Collier and Rodriguez continued…
Two-Way Enrichment Education:
• Best attempt yet at providing equality of educational opportunity for LEP students through an educational process that validates and develops both languages.
• Two-way models may serve as a vehicle for positively impacting educational and social change and potentially narrow the achievement gap between non-LEP and LEP students.

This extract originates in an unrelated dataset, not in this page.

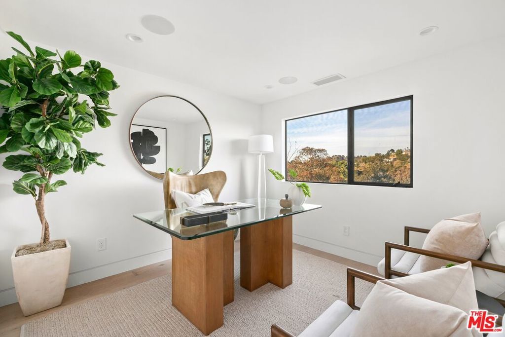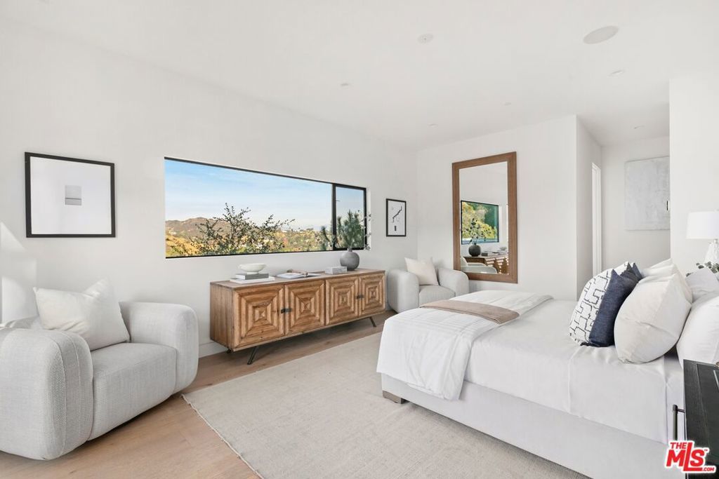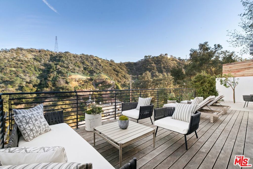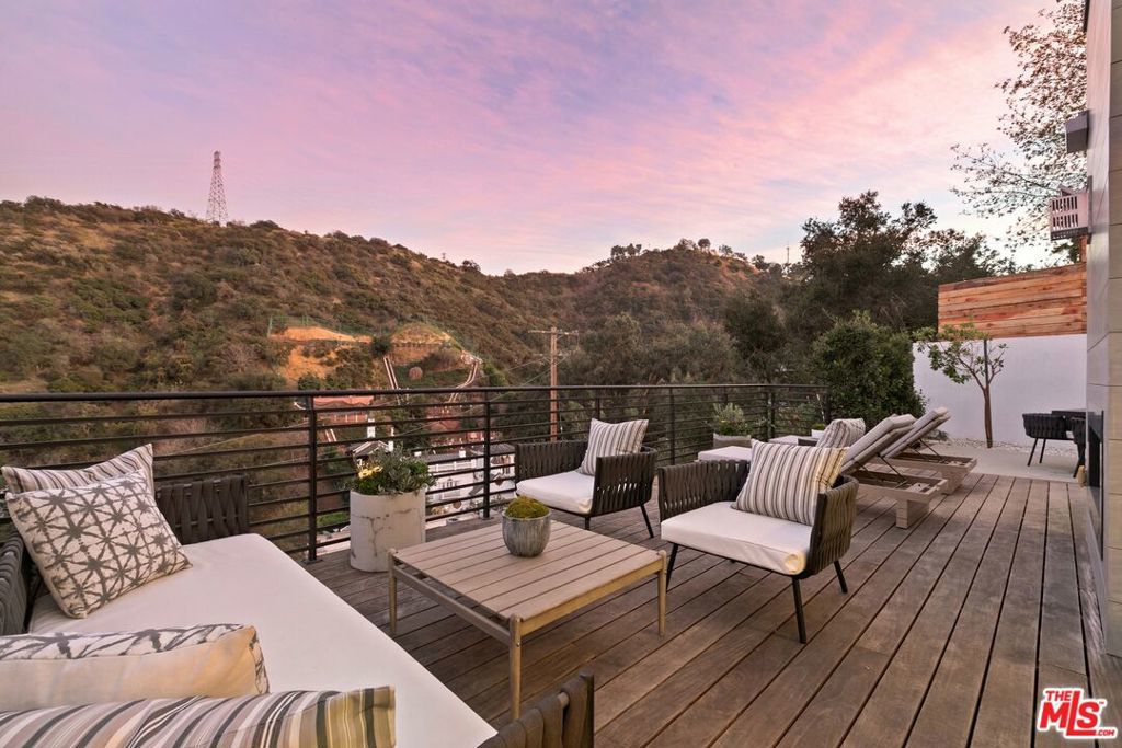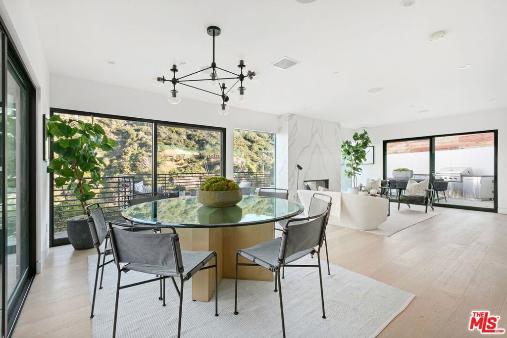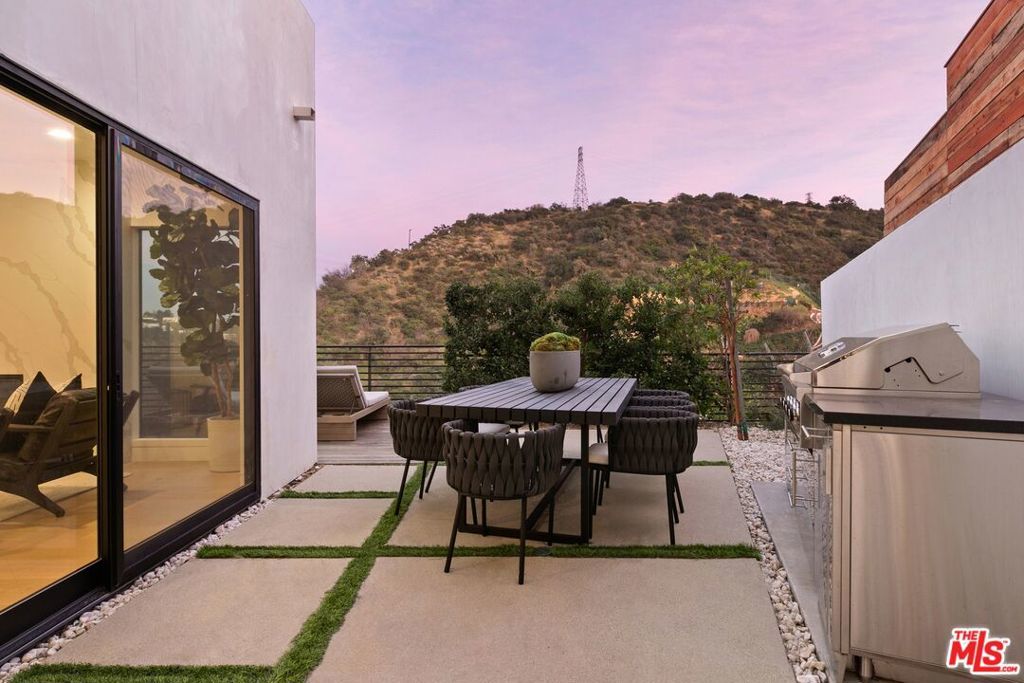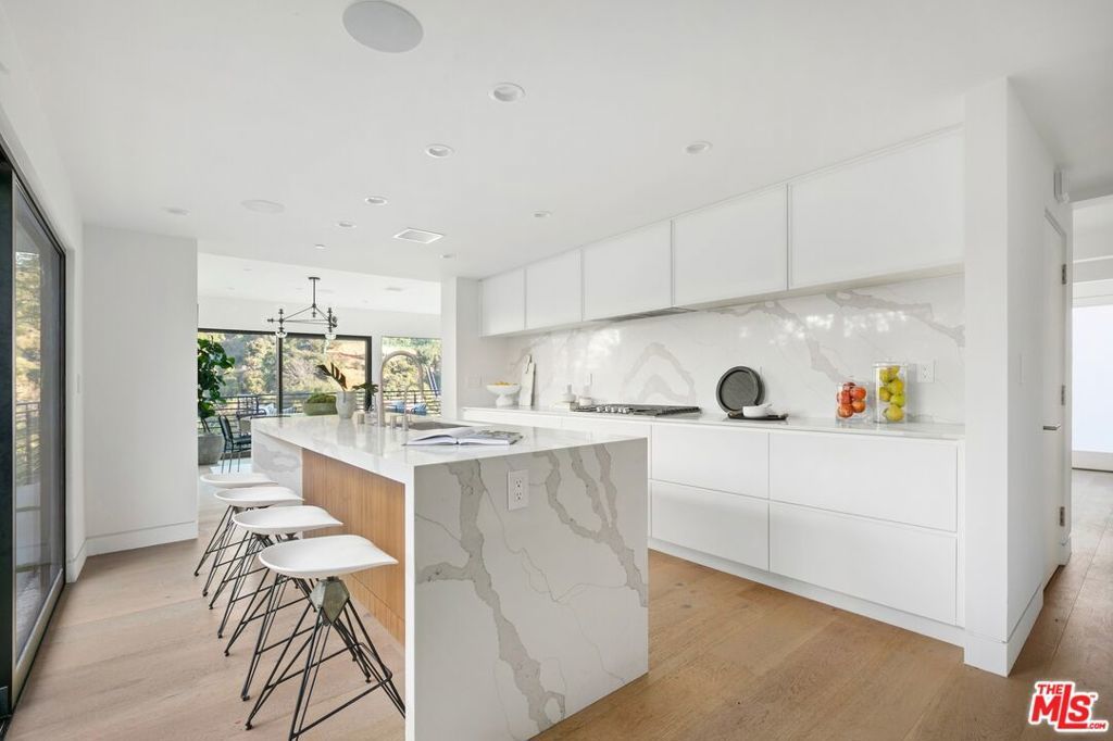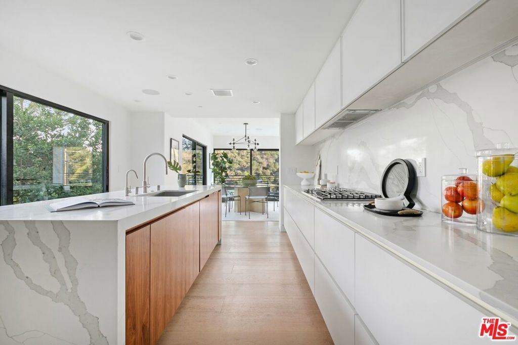 Perched above the tree-tops in prime Laurel Canyon, this exquisitely remodeled Hollywood Hills smart home was meticulously upgraded and offers a sophisticated blend of elegance and modern comfort. The spacious open floor plan features an abundance of natural light, with floor to ceiling windows and doors that perfectly frame the panoramic canyon vistas. The main living level features a large open floor plan living, kitchen and dining area, outfitted with white oak floors, quartz countertops, custom cabinetry, integrated shadow base moldings and professional-grade stainless steel appliances. Additional highlights include two ground floor en-suite bedrooms, a guest powder room, security cameras and surround sound system. The upper level boasts a hotel-style primary suite, complete with dual walk-in closets and a spa-like ensuite bathroom with double vanity, shower and sumptuous bathtub with views of the canyons. Two en-suite bedrooms and serene roof-top terraces complete the second floor. Designed to entertain, the outdoor spaces offer a seamless flow inside, and are equipped with a built-in grill and a number of dining and lounge areas - all positioned to enjoy the expansive views. Located near the desirable Wonderland Elementary School, the home offers a convenient location moments from the heart of the Sunset Strip and dining, leisure and entertainment on Ventura Blvd.

Which model seems the most effective???
I am going with the Two-Way Enrichment Education model! Please view the link to another of Collier’s articles: http://njrp.tamu.edu/2004/PDFs/Collier.pdf. The Two-Way Enrichment Education model wins! Thus, in order to usurp the paradigm, the most competent bicultural language program must be utilized. Educated in Switzerland, I can confidently assert that bicultural education in Europe is education. Being a polyglot is revered, not frowned upon. We live in a nation of linguists (doesn’t that term sound better than English Language Learners?), so how have our policymakers missed the boat? Why is there “the incongruity—the clash of two worlds” (Rodriguez, 35)? Why is there such a disconnect between the cultures represented in the schools and our educational system? The maintenance of the status quo and the proliferation of power might be the answer.
Hi Morgan,
ReplyDeleteI appreciate your extra article by Collier." But, after almost two decades of program evaluation research that we have conducted in 23 large and small school districts from 15 different states, representing all regions of the U.S. in urban, suburban, and rural contexts, we continue to be astonished at the power of this school reform model>'
Why can't the higher ups who are doing this major reform right now look at research such as Collier's or some of the other author's, we have read in class whose research is much more prevalent to "school reform?"
Hi Morgan, Educated in Switzerland-you must tell us more about that! In answer to Ms. Lee's question-I do believe the higher ups do look at the research conducted by the groups(corporations) who have won the bidding to be the next text book publisher, or standardized test maker, or teacher evaluation proponent, or charter school enthusiasts who will lead our educational system into privatization where teachers will have little control over what they can teach in their classroom, be held accountable for that teaching, and lose or keep their jobs at the mercy (oxymoron)of the power cultures that be. (I think I'm channeling Kohn.) I'll stop now. See you in class.